Nuclear receptors (NRs) are important biological targets of endocrine-disrupting chemicals (EDCs). Identifying chemicals that can act as EDCs and modulate the function of NRs is difficult because of the time and cost of in vitro and in vivo screening to determine the potential hazards of the 100 000s of chemicals that humans are exposed to. Hence, there is a need for computational approaches to prioritize chemicals for biological testing. Machine learning (ML) techniques are alternative methods that can quickly screen millions of chemicals and identify those that may be an EDC. Computational models of chemical binding to multiple NRs have begun to emerge.
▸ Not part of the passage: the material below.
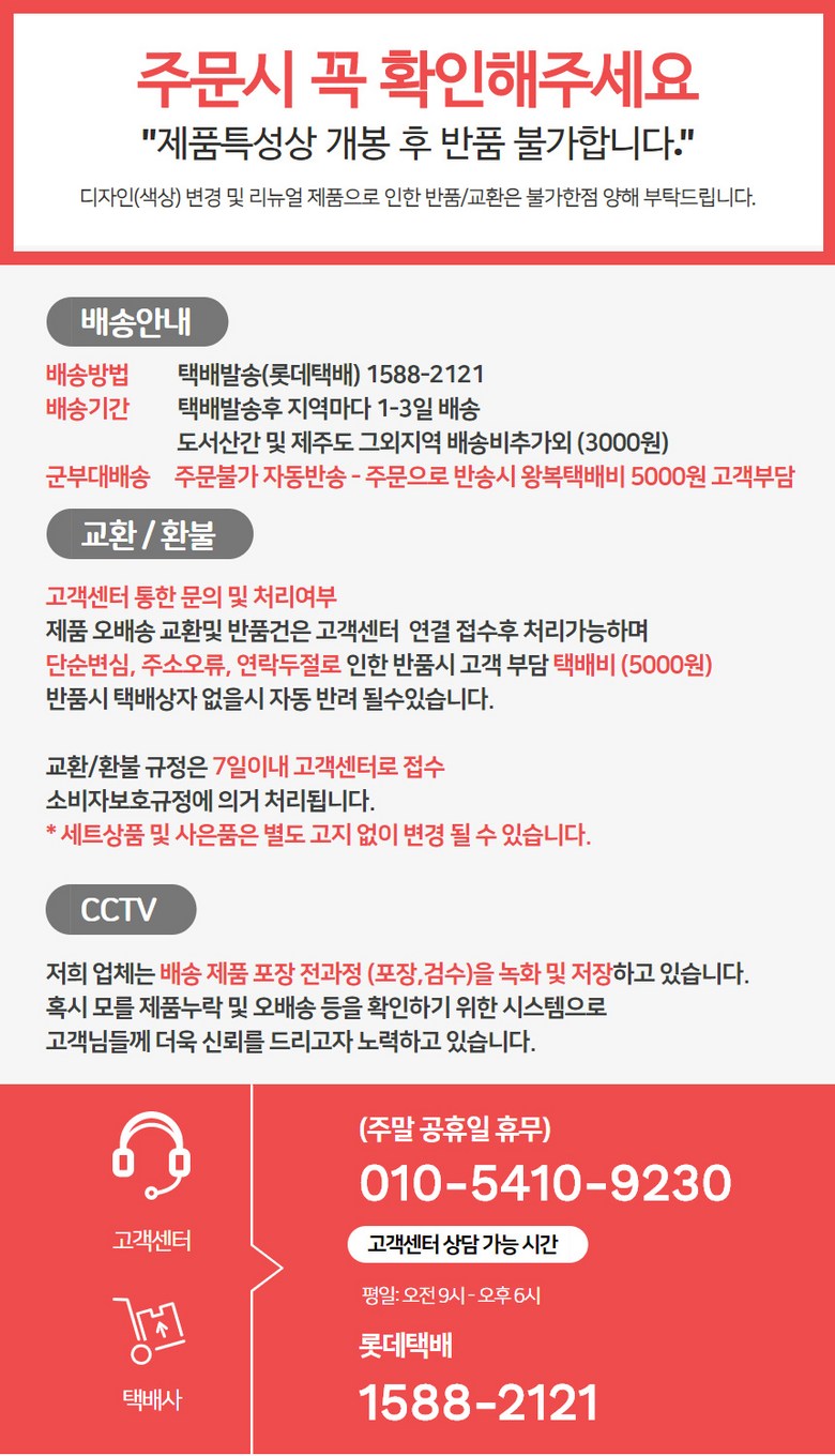 - ㆍ모니터 해상도의 차이로 인해 색상이나 이미지가 실제와 달라, 고객이 단순 변심으로 교환/반품을 무료로 요청하는 경우

Recently, a Nuclear Receptor Activity (NuRA) dataset, describing experimentally derived small-molecule activity against various NRs has been created. We have used the NuRA dataset to develop an ensemble of ML-based models to predict the agonism, antagonism, binding and effector binding of small molecules to nine different human NRs. We defined the applicability domain of the ML models as a measure of Tanimoto similarity to the molecules in the training set, which enhanced the performance of the developed classifiers. We further developed a user-friendly web server named 'NR-ToxPred' to predict the binding of chemicals to the nine NRs using the best-performing models for each receptor. This web server is freely accessible at http://nr-toxpred.cchem.berkeley.edu. Users can upload individual chemicals using Simplified Molecular-Input Line-Entry System, CAS numbers or sketch the molecule in the provided space to predict the compound's activity against the different NRs and predict the binding mode for each.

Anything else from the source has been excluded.